**TRY IT:** From the first line of the data through the line containing "高品質ガラスチャーム めがね留め キューブ 2.4×2.4mm 1カン【4ヶ】", transcribe each line exactly. Pictures do not belong in the copy.

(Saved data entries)
____

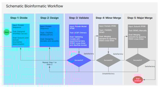 Human ApoB 100 structure is a heterogeneous molecule. Therefore, searching for templates and modeling for different parts varies based on the available structures in the database. The most successful protein structure prediction method relies on identifying homologous templates with known structures [,]. However, a database search does not provide homologous templates for all the regions. In this case, servers based on fold recognition by threading were used to generate models. Different software, such as the MPI Bioinformatic Toolkit, I-TASSER, DEMO, RoseTTAFold, and Phyre2 web portals, were used to develop accurate models [,,,,,,]. Homologous template database searches and selections are critical points for optimal alignment; hence, different parameters, including probability, E-value, and identity, have been modified for each sequence search to extend the target sequence coverage without reducing accuracy. Several models were generated from the sequence alignment with homologous templates. Then each model’s secondary and tertiary structures were examined and validated by experimental data, such as disulfide bonds and DSSO crosslinks. Finally, the high-ranked models for all domains were selected and assembled (Figure 10).
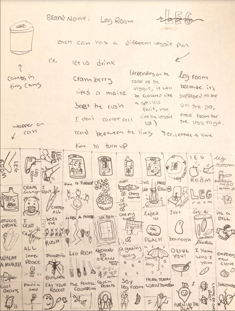 For this project, we had to come up with a fictional meal replacement drink. I chose to make one called “leg room” as sort of a pun on having enough room to be on the go all the time. I also thought it would be funny if each can had a food pun on it because the drink is supposed to “replace” those foods. Out of the three final designs I came up with, two of them have to do with music which I thought was funny because I mainly chose them because I liked their designs the best and thought the names were good.
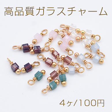高品質ガラスチャーム めがね留め キューブ 2.4×2.4mm 1カン【4ヶ】
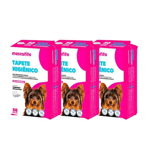Kit 3 Tapetes Higiênico Mascotito 60x55cm C/50 Unidades - Indicado para cães; - Indicado para raças pequenas; - Alta tecnologia; - Tecnologia com extra gel; - Máxima proteção contra vazamentos; - Tamanho 60x55cm. O Tapete Higiênico Mascotito é indicado para cães de filhotes e adultos de pequeno porte. Ele possui uma alta tecnologia com extra gel, garantindo uma máxima proteção contra vazamentos. O tapete pode ser utilizado tanto em casa como em apartamentos. Desenvolvido com matérias de qualidade, resultando em um produto discreto, de fácil armazenamento proporcionando absorção na medida certa. Sua fabricação conta com 5 camadas de proteção e canais de absorção que garantem uma maior velocidade na absorção do xixi. Além disso conta com 4 fitas reposicionáveis. Modo de usar Tire o tapete da embalagem. Desdobre-o. Retire os papéis aplicados nos 4 cantos da parte inferior do tapete e fixe-o no chão com o lado dos adesivos voltados para baixo. Medidas aproximdas 60cm x 55cm.
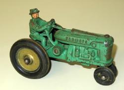 Very scarce toy, these were issued to 4-H groups to demonstrate tractor safety. They have an open belly with a pulley around the axles to wind a rubber band. Very scarce toy and this one is very nice with minor ear
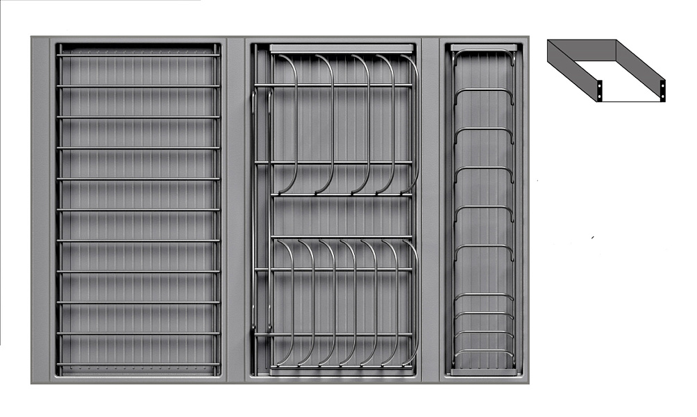 - 1 большой модуль для посуды + 1 большой модуль с решеткой + модуль для столовых приборов
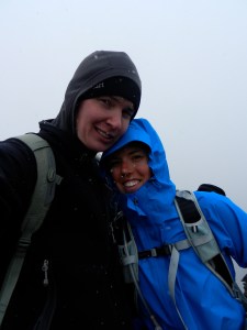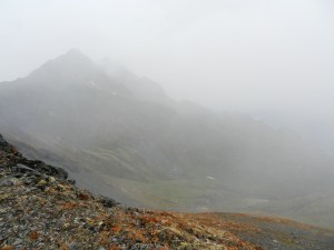 Intrepid climbers that we were, Kev and I stopped long enough to layer up and put on some rain gear, then continued toward the shoulder, where we still hoped for a chance to make the summit. (When no moose are involved, I am at least moderately brave.) Things got ugly pretty fast from there. Within about fifteen minutes (not exaggerating this time), we could hardly see twenty yards in any direction, let alone the peak itself, though we were just 700 feet below its summit.
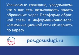 Уважаемые граждане, уведомляем, что у вас есть возможность подать обращение через Платформу обратной связи в информационно-телекоммуникационной сети "Интернет" по адресу pos.gosuslugi.ru.
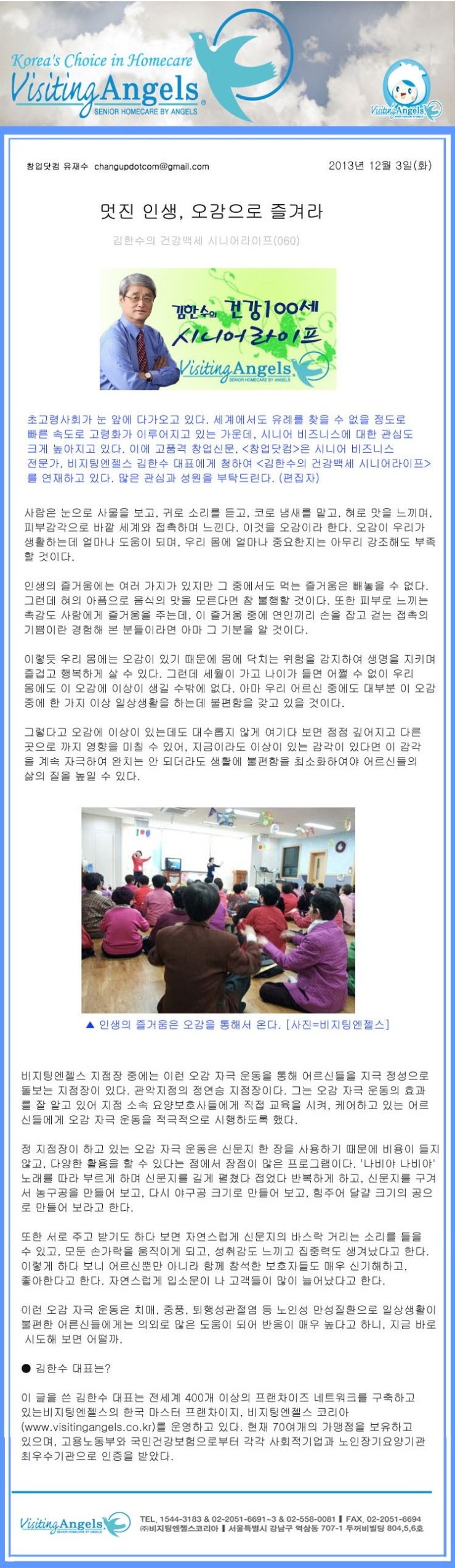 VA소식 미디어 지점 활동 및 소식 채용 채용 신청서 제목[창업닷컴 칼럼 060] 멋진 인생, 오감으로 즐겨라2021-06-22 11:19카테고리칼럼작성자비지팅엔젤스 코리아 Information 목록 댓글 [0] 더보기이전[창업닷컴 칼럼 061] 노인 자살률 1위, 부끄럽지 않나요?비지팅엔젤스 코리아 Information2021-06-22다음[창업닷컴 칼럼 059] 우리 모두의 문제처럼 생각하기의 어려움비지팅엔젤스 코리아 Information2021-06-22 Powered by MangBoard | 망보드 스토어
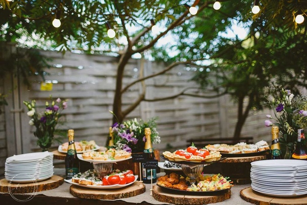 Кроме того, когда свадьба проводится под открытым небом, а гости то и дело находятся в движении, очень удобно, когда у приглашённых всегда есть возможность подойти к общему столу и перекусить.

____

**TASK RESULT:**
 Human ApoB 100 structure is a heterogeneous molecule. Therefore, searching for templates and modeling for different parts varies based on the available structures in the database. The most successful protein structure prediction method relies on identifying homologous templates with known structures [,]. However, a database search does not provide homologous templates for all the regions. In this case, servers based on fold recognition by threading were used to generate models. Different software, such as the MPI Bioinformatic Toolkit, I-TASSER, DEMO, RoseTTAFold, and Phyre2 web portals, were used to develop accurate models [,,,,,,]. Homologous template database searches and selections are critical points for optimal alignment; hence, different parameters, including probability, E-value, and identity, have been modified for each sequence search to extend the target sequence coverage without reducing accuracy. Several models were generated from the sequence alignment with homologous templates. Then each model’s secondary and tertiary structures were examined and validated by experimental data, such as disulfide bonds and DSSO crosslinks. Finally, the high-ranked models for all domains were selected and assembled (Figure 10).
 For this project, we had to come up with a fictional meal replacement drink. I chose to make one called “leg room” as sort of a pun on having enough room to be on the go all the time. I also thought it would be funny if each can had a food pun on it because the drink is supposed to “replace” those foods. Out of the three final designs I came up with, two of them have to do with music which I thought was funny because I mainly chose them because I liked their designs the best and thought the names were good.
高品質ガラスチャーム めがね留め キューブ 2.4×2.4mm 1カン【4ヶ】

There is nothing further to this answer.